The country lacks “a serious left constructive force,” Shevchenko said. The present opposition cannot play a serious part as a rival to United Russia, the party “which has accumulated huge human and intellectual resources,” he said. And this is a problem for United Russia itself, he said.
The party, however, estimates its competitors. Andrey Isaev, first deputy secretary of United Russia’s presidium of the general council, said at the Mediaforum, an event organized prior to the party’s congress: “When opponents from the left fight for interests of one class, the class of workers, opponents from the right fight for the success of an individual, [United Russia] fight for the success of the Russian people as a whole.”
Isaev was quoted by Rosbalt as saying that only ten years ago there was nothing “to conserve.” Now people have changed their attitude to the term “conservatism,” he said.
Boris Gryzlov, speaker of the State Duma and chairman of United Russia’s supreme council, said at the congress that the Communists cannot propose anything but a slogan “to take away and divide” and the Liberal Democratic Party “is loudly sounding with emptiness.”

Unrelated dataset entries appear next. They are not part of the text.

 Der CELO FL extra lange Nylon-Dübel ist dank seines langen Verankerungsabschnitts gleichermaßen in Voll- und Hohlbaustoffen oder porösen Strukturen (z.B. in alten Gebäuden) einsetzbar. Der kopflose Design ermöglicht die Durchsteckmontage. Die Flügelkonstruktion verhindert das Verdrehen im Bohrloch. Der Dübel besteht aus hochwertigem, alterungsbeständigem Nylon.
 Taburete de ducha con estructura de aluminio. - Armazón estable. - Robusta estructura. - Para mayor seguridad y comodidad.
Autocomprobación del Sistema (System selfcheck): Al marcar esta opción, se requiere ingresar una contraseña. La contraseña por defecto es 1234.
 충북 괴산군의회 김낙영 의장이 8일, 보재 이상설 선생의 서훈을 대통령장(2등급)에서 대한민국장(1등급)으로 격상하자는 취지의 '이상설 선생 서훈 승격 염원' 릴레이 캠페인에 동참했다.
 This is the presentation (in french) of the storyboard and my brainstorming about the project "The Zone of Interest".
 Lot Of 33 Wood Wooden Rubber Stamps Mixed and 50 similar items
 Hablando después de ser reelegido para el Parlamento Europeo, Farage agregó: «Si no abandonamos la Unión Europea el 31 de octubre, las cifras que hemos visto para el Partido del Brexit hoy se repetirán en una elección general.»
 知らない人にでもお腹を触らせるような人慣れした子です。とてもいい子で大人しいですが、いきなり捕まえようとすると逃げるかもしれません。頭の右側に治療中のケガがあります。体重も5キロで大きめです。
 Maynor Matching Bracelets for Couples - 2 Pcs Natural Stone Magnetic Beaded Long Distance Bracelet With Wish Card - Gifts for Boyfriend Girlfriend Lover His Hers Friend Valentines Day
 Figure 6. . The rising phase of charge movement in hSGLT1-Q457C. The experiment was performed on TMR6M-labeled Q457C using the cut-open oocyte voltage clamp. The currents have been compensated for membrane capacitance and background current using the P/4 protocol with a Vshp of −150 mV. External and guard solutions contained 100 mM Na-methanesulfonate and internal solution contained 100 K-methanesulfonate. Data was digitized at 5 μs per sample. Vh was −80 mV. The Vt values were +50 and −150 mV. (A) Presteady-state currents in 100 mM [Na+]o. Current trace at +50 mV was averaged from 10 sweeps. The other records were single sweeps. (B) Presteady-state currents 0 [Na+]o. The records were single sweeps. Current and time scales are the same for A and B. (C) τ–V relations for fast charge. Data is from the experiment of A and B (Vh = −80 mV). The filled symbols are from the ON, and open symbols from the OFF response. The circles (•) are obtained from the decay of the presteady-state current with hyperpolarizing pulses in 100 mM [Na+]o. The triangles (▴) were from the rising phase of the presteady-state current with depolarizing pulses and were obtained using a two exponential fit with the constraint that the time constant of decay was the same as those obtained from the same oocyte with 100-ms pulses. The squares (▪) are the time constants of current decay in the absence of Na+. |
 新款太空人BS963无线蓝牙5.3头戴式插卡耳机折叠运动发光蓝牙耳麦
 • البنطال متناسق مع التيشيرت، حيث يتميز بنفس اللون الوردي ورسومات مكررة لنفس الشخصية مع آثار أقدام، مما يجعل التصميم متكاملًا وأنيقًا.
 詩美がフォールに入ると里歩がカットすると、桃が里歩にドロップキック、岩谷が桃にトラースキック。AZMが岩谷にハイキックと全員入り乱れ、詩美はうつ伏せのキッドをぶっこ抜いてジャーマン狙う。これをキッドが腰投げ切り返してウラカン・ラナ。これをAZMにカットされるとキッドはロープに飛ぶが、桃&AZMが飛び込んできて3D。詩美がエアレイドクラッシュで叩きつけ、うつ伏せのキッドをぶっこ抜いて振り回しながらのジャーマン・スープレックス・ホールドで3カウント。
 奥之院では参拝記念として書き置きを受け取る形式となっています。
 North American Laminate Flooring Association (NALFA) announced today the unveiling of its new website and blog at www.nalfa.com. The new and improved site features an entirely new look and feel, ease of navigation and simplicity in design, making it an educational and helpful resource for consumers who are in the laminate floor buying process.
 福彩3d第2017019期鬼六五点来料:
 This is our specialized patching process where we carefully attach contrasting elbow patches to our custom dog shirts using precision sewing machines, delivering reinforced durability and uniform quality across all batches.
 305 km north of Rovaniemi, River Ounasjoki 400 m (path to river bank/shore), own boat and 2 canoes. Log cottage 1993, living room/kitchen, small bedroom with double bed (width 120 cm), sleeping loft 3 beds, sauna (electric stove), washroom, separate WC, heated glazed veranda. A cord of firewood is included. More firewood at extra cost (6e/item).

Director of the Center for Political Conjuncture, Aleksey Chesnakov, said at the Mediaforum that conservatism opposes radicalism. He believes that only a conservative party is able to conduct the modernization, as it has been in many countries.
The Russian president proposes modernization not only in the technological sphere. Medvedev told the participants of the congress that he expected the party to support his proposals for political reforms “on a regional level.”
In this regard, Vedomosti said that three principle novelties have been added to the party’s chapter: compulsory participation of the party’s members in debates during elections at all levels, nomination of candidates based on primaries and the norm that allows regional political councils to withdraw heads of municipal organs or regions.
If a party wants to go into the future, “it has to change,” believes Valery Fedorov, director of the public opinion research center VTsIOM. Even if “the economic crisis seems to be ending, the political system has endured the test, and the United Russia as a central element of this system has also passed it,” he wrote on Actualcomment.ru website.
Stability is very important, but there is also a task of the modernization, and for this the party should change too, Fedorov said. The party’s leadership stressed that conservatism is not an antithesis to modernization, the analyst added. “It is important because there will be a paradox: the ruling party is conservative, and the president is urging [the country] to modernize,” he said.
“Boris Gryzlov has proposed a decision –modernization based on national values of Russians,” Fedorov said. “And this is just the essence of Russian conservatism; we have our own national values – family, freedom, property, order, respect for history, and sovereignty.”
“These values are not going anywhere, they are not being removed from the agenda,” the analyst said. “The party confirmed its adherence to them on the ideological level. And on the practical level the modernization of the country is becoming the main slogan.”